Тётка Феня, удивлённая этим неожиданным обстоятельством, попыталась подступиться к Елизавете:
– А чё эт Ритка рано-то уехала? Чай, все каникулы ишшо впереди!
– Не знаю. Дела, наверно…
– А-а-а, – протянула Феня, понимая, что из соседки больше ни одного слова вытянуть не удастся. Но надо же где-то искать зацепку! Ведь в деревне с новостями всё должно быть в порядке! Нелёгкая задача…
Баба Лиза, конечно же, знала, какое решение приняла внучка, а остальным об этом знать вовсе и не обязательно. Разве что – Саньке, беда хорошему парню…
2015 г.
Возмутитель спокойствия
Деревня Светлый Ключ стоит на берегу живописной реки. Здесь остался только один жилой дом, в котором живёт семья Авдониных: мать, два сына-близнеца Фёдор с Филиппом, да дед Михей, старший брат матери. С весны приезжают пенсионеры Степан с Антониной, которым надоедает городская суета, и они отдыхают от неё в деревне вплоть до ледостава. Несмотря на удалённость от дорог и малочисленность населения жизнь и здесь преподносит свои сюрпризы. Историй происходит немало. Вот одна из них.
Июль в том году был жарким. Но при этом одна ночь выдалась холодной. По краю огорода со стороны реки картофельную ботву слегка побило заморозком. В конце июля картошка начала набирать бутоны. Антонина решила посмотреть, собираются ли цвести пострадавшие кусты. Подойдя к краю огорода, она вдруг увидела, что на верхних листьях одного из кустов будто оранжевые ягодки рассыпаны. Что за чудеса! Присмотревшись, она с удивлением обнаружила, что эти «ягодки» живые. Они то раздувались, то худели, словно дышали. Не иначе, сопут11
Сопут*– едят (прост.)
[Закрыть] листья. Антонина обвела взглядом огород. Ещё на некоторых кустах было то же самое. Каким-то чутьём она поняла, что это связано с колорадским жуком. Видела его на картинке. Красивый, гад, зеленоватый, в чёрную полоску! И не подумаешь, что отъявленный вредитель. Неужели эти ягодки – его личинки? Если так, то дело совсем худо. Вот он, очередной сюрприз коварного високосного года!

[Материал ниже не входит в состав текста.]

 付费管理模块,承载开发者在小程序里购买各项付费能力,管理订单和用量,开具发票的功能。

Антонина позвала мужа. Степан, посмотрев на личинок, сказал:
– Во, блин, нашествие! Ну-ка, пойдём, у соседей посмотрим.
И на соседском огороде на некоторых кустах вольготно расположились такие же оглоеды. Близнецы Фёдор с Филей варили на костре в ведре с травой кедровые шишки. Так братья вываривали из них смолу. Очень уж хотелось кедрового лакомства, а сами по себе шишки когда ещё поспеют! Да и кедровки – не промах! Быстро всё обнесут, ещё досрочно.
– Орешков захотелось? – спросила Антонина. – А на колорадского жука посмотреть не хотите ли?

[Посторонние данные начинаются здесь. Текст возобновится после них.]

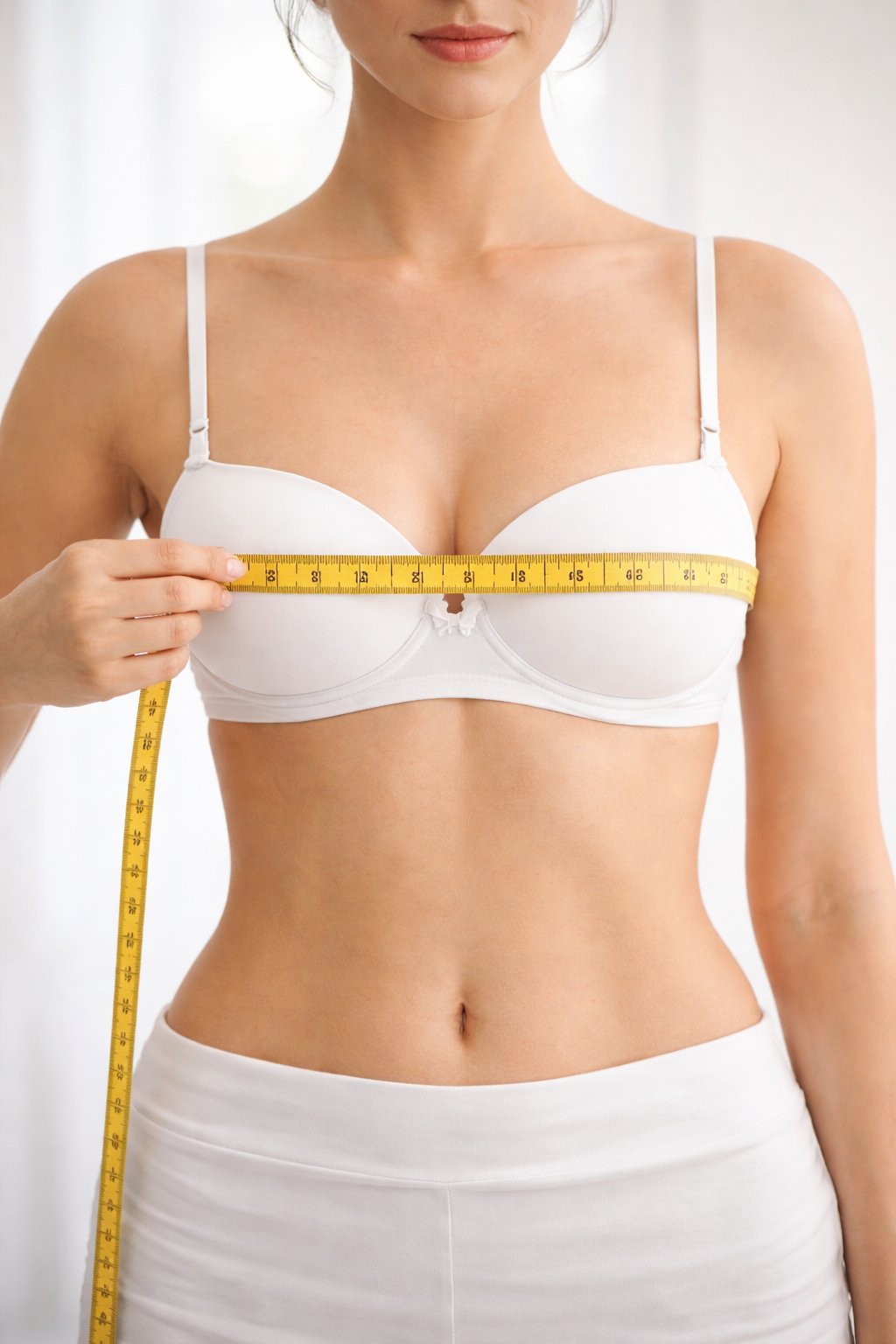 Braccia distese lungo il corpo, misura la circonferenza del busto passando dalla parte più sporgente del seno fino a tornare al punto di partenza.

– На картинке или в телевизоре? – улыбаясь, спросил Фёдор.
– Да нет, в натуре, – объяснил Степан.
– У вас?
– Почему у нас? И у вас тоже.
– Да ладно, чай, сегодня не первое апреля, – встрял в разговор Филя.
– Зато год високосный, – ответила Антонина.
– Нет, вы что, серьёзно? – улыбка с Федькиного лица начала медленно сползать.
– Серьёзнее не бывает! Пойдёмте, покажу, – и Степан пошагал к картофельному полю. Все потянулись за ним. Увидев на кустах «оранжевую красоту», братья оторопели. Похоже, шутки закончились. Словно опомнившись, ничего не говоря, Фёдор помчался к дому. Через пару минут он вернулся с журналом «Сельская новь» в руках. На раскрытой странице красовался колорадский жук вместе со своим детищем – личинкой. Сличив иллюстрацию с оригиналом, Фёдор воскликнул:
– Ё-моё, точно, как в аптеке! Они.
– И чё теперь делать? – растерянно спросил Филя.
– Чё, чё! – передразнил Степан, – а теперь будем каждый день ходить по огороду и собирать «урожай».
Он видел такое в Белоруссии, когда через военкомат его отправляли устранять последствия Чернобыльской аварии. Сельчане ежедневно обходили свои огороды с банками в руках и собирали личинок.
Братья с тоской посмотрели на свой большой огород. Перспектива не радовала. Однако, надо было что-то делать. Решили позвонить родственникам в город. Двоюродная сестра Анфиска отчасти успокоила:
– Жук – то уже везде есть. Это только вы до сих пор спокойно жили. Не плачьте, картошка цветёт, и жук теперь не так страшен ей, потому что клубни уже наливаются. Просто уничтожайте его вручную – с картошкой будете.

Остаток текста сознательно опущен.